### THE PROBLEM
Once you find the line below that has "8月21日上午,长城汽车官方", output it and every line after it exactly, stopping after the line that has "Edytor tapety: Śpiąca", with no pictures.

### MATERIALS PROVIDED
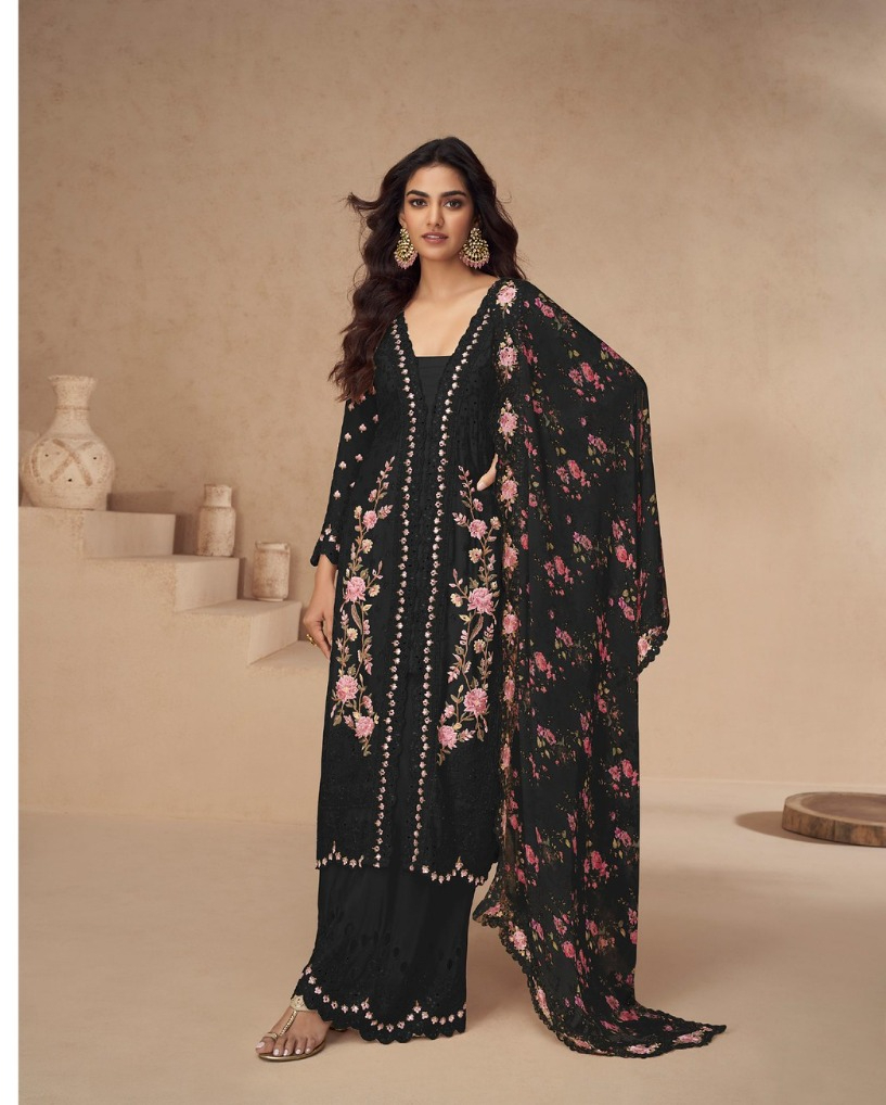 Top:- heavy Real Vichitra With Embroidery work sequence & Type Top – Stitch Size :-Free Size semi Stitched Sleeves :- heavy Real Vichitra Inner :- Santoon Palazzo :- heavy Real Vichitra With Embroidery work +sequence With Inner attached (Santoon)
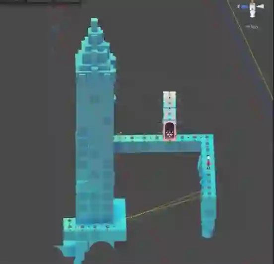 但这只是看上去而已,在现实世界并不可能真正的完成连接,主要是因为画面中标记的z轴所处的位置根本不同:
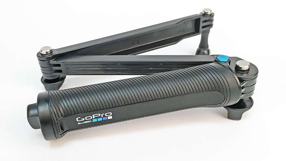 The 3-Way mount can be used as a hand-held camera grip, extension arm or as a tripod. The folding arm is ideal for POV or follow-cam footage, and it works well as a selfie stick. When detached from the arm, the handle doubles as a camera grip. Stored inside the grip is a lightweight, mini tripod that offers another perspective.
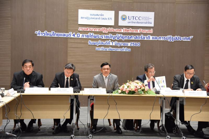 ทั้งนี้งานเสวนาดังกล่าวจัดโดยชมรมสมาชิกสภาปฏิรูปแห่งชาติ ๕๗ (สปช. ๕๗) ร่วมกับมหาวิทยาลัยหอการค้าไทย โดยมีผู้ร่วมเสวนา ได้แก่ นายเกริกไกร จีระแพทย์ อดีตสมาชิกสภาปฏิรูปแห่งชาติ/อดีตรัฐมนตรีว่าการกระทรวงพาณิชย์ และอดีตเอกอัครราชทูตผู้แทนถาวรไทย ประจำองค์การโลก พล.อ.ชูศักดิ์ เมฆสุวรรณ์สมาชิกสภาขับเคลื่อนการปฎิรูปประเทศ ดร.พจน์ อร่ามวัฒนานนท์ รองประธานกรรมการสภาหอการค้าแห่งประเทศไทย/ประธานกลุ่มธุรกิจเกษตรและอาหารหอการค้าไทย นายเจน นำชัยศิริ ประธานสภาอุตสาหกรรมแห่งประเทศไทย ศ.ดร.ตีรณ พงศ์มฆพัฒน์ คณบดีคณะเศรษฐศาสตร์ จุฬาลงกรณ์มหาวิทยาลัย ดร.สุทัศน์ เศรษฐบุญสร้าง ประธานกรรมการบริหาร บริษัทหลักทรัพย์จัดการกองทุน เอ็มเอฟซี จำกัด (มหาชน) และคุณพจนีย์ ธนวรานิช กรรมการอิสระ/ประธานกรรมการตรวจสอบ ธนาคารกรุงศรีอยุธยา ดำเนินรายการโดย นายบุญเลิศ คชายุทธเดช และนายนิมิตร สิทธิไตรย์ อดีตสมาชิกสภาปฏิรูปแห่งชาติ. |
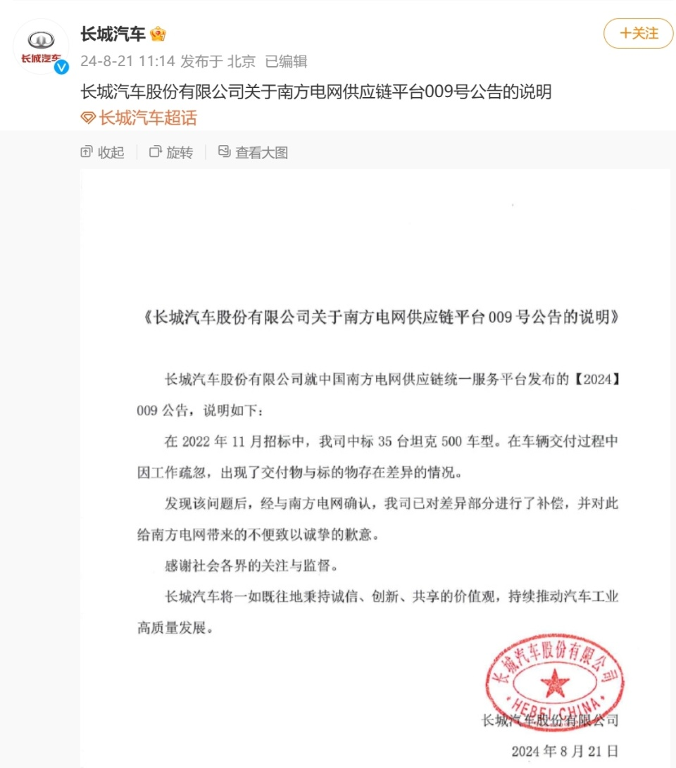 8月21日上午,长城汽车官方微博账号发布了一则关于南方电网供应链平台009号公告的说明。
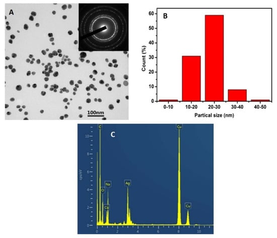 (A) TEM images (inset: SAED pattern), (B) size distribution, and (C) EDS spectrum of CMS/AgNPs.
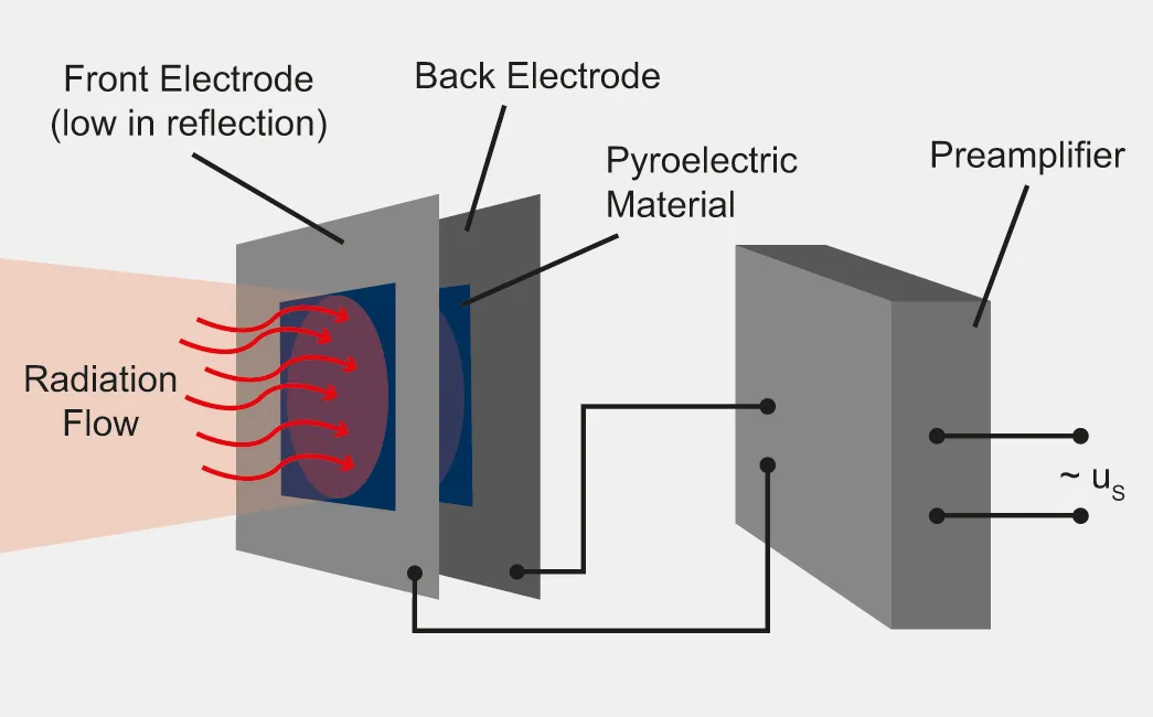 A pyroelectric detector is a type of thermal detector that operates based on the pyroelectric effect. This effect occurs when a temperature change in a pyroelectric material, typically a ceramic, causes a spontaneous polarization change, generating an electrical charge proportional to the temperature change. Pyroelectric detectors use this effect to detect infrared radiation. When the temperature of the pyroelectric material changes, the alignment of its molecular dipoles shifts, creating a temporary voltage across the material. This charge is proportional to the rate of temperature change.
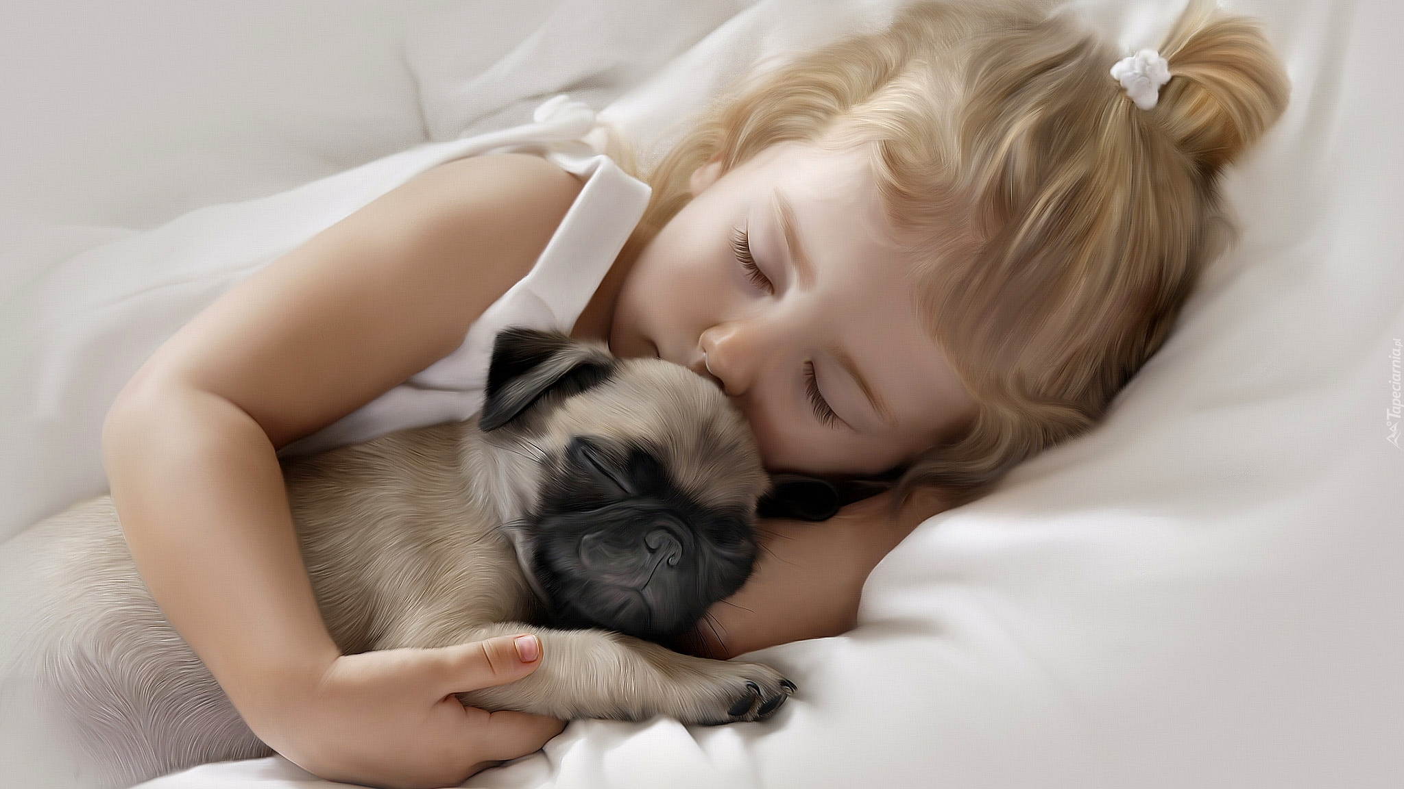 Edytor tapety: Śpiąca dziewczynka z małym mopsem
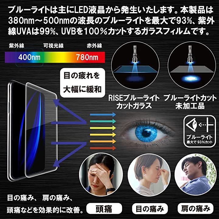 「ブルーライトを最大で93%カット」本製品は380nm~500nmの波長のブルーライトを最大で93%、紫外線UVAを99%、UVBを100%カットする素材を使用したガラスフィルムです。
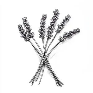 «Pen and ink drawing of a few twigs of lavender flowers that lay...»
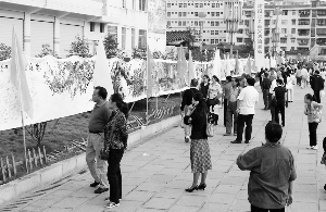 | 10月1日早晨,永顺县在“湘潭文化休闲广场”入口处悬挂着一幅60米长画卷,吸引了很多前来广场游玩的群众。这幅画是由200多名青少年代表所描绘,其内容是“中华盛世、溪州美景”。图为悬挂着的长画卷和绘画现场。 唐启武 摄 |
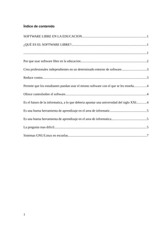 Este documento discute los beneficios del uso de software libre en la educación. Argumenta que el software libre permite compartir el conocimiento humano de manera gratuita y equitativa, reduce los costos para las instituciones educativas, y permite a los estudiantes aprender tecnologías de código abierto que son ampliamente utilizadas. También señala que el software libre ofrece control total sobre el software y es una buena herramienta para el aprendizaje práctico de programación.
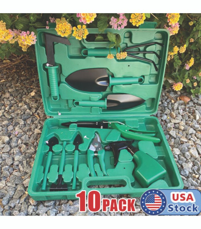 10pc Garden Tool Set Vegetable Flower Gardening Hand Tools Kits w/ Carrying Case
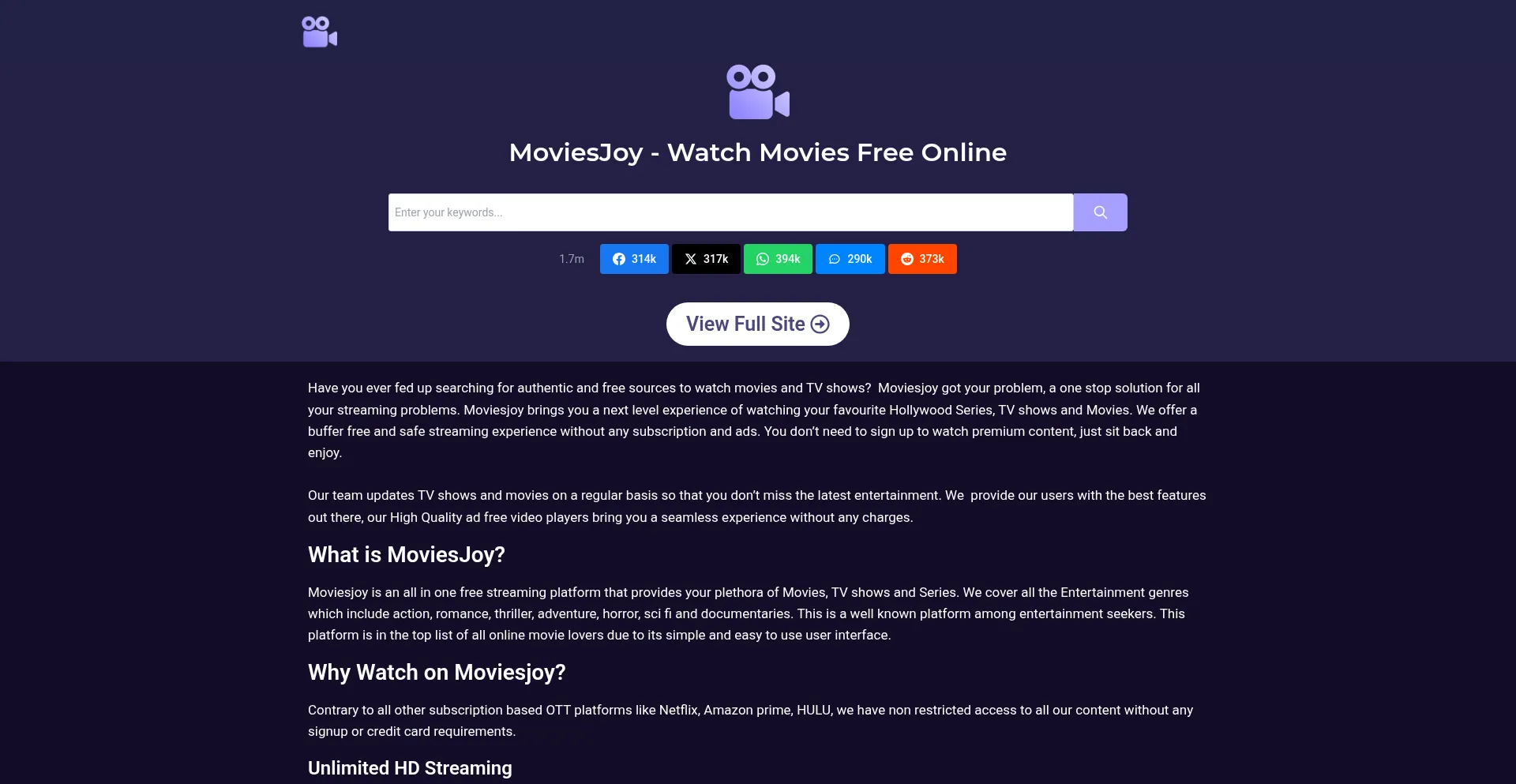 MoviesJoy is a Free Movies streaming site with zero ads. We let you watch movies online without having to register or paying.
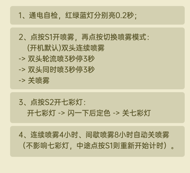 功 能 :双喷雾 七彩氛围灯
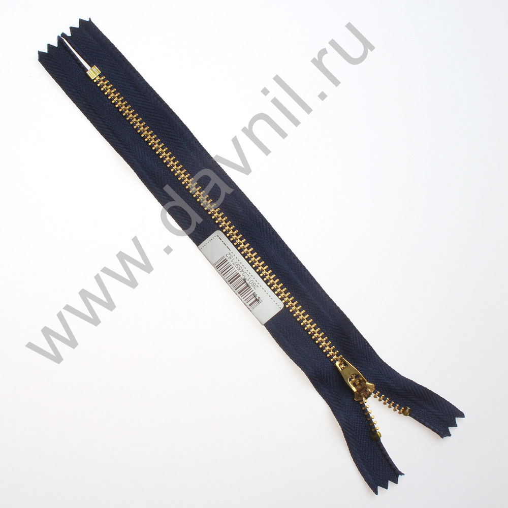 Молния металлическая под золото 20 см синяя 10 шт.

### PROBLEM SOLUTION
 8月21日上午,长城汽车官方微博账号发布了一则关于南方电网供应链平台009号公告的说明。
 (A) TEM images (inset: SAED pattern), (B) size distribution, and (C) EDS spectrum of CMS/AgNPs.
 A pyroelectric detector is a type of thermal detector that operates based on the pyroelectric effect. This effect occurs when a temperature change in a pyroelectric material, typically a ceramic, causes a spontaneous polarization change, generating an electrical charge proportional to the temperature change. Pyroelectric detectors use this effect to detect infrared radiation. When the temperature of the pyroelectric material changes, the alignment of its molecular dipoles shifts, creating a temporary voltage across the material. This charge is proportional to the rate of temperature change.
 Edytor tapety: Śpiąca dziewczynka z małym mopsem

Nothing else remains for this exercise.